Background Cryopreservation of ovarian tissue is a fertility-preservation option for women before gonadotoxic treatments. However, cryopreserved ovarian tissue transplantation must be performed with caution in women with malignancies that may metastasize to the ovaries. For this purpose, detecting minimal residual disease (MRD) in the ovarian cortex using sensitive methods is a crucial step. We developed an automated ovarian tissue dissociation method to obtain ovarian cell suspensions. Results We assessed MRD by multicolor flow cytometry (MFC) in cryopreserved ovarian cortex of 15 leukemia patients: 6 with B-cell acute lymphoblastic leukemia (B-ALL), 2 with T-cell acute lymphoblastic leukemia (T-ALL) and 7 with acute myeloid leukemia (AML). Ovarian MRD was positive in 5 of the 15 leukemia patients (one T-ALL and 4 AML). No B-ALL patient was positive by MFC. Quantitative reverse-transcribed polymerase chain reaction was performed when a molecular marker was available, and confirmed the MFC results for 3 patients tested. Xenografts into immunodeficient mice were also performed with ovarian cortical tissue from 10 leukemia patients, with no evidence of leukemic cells after the 6-month grafting period.
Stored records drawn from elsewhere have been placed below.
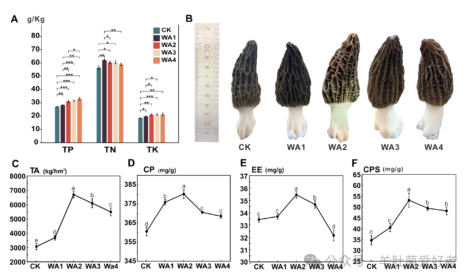 參考文獻:Huang, K.; Li, L.;Wu,W.; Pu, K.; Qi, W.; Qi, J.; Li, M. Enhancing Morchella Mushroom Yield and Quality Through the Amendment of Soil Physicochemical Properties and Microbial Community with Wood Ash. Microorganisms 2024, 12, 2406. https://doi.org/10.3390/microorganisms12122406
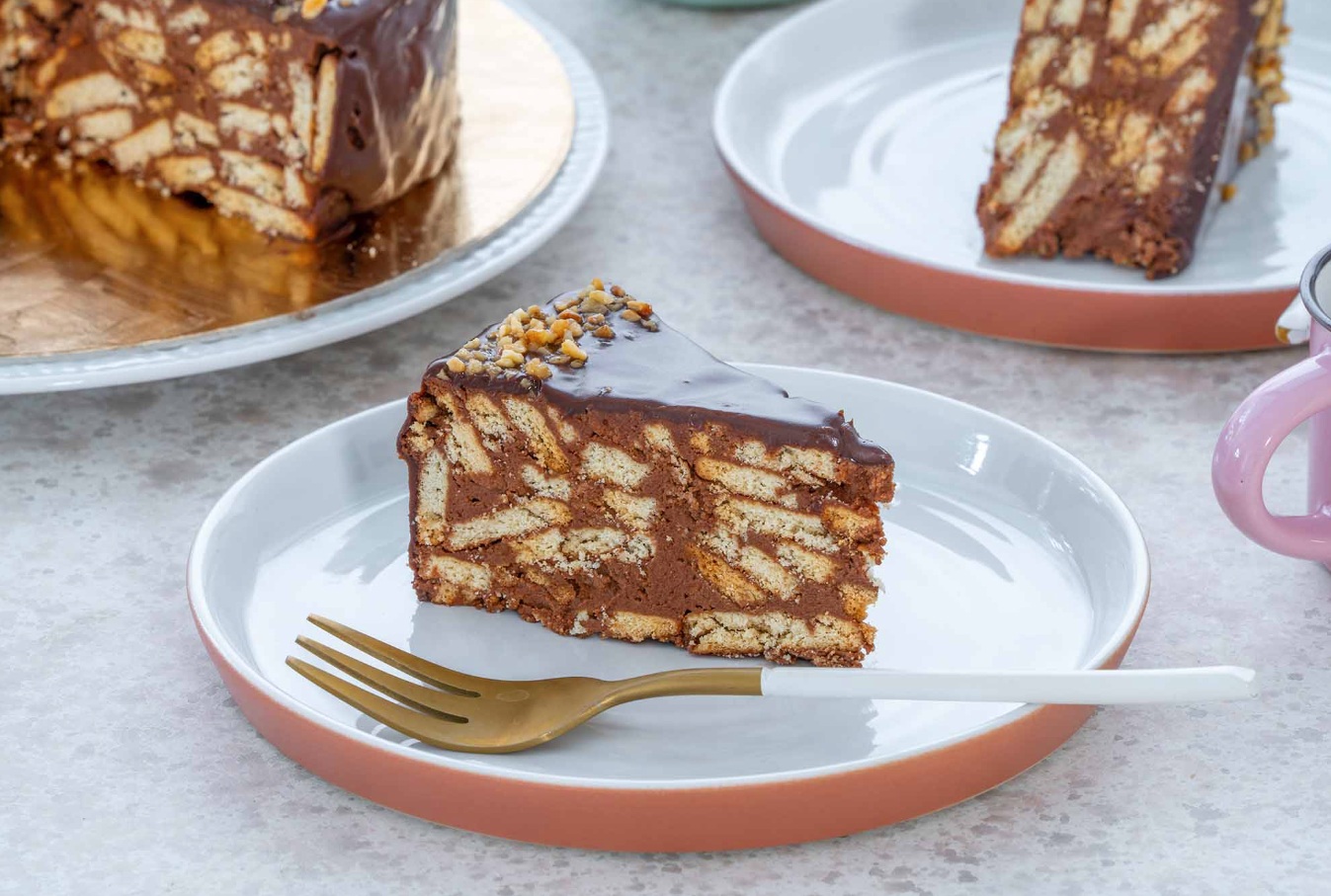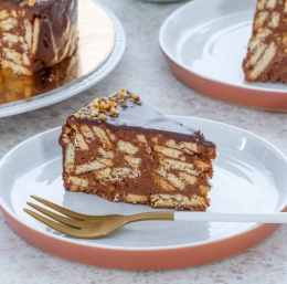 Piškotna čokoladna torta je vsekakor sladica za ljubitelje čokolade. Pripravimo jo z masleno čokoladno kremo, maslenimi piškoti in čokoladnim ganašem.
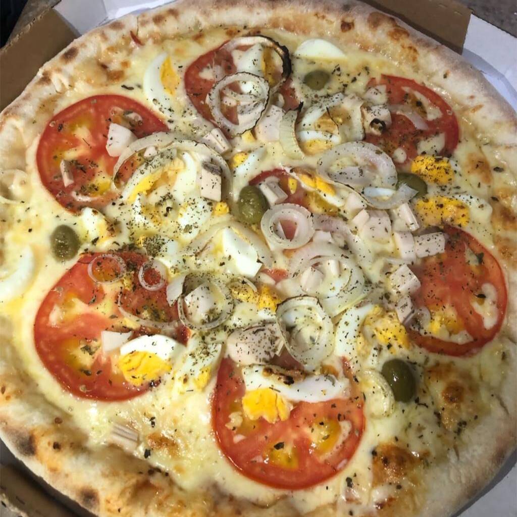 Molho, mussarela, presunto, tomate, cebola, azeitona e orégano.

Conclusions In conclusion, this is the first study using MFC to detect MRD in ovarian cortical tissue from acute leukemia patients. MFC has been accepted in clinical practice for its ease of use, the large number of parameters available simultaneously, and high throughput analysis. We demonstrate here that MFC is a reliable method to detect MRD in cryopreserved ovarian tissue, with a view to controlling the oncological risk before ovarian tissue transplantation in leukemia patients.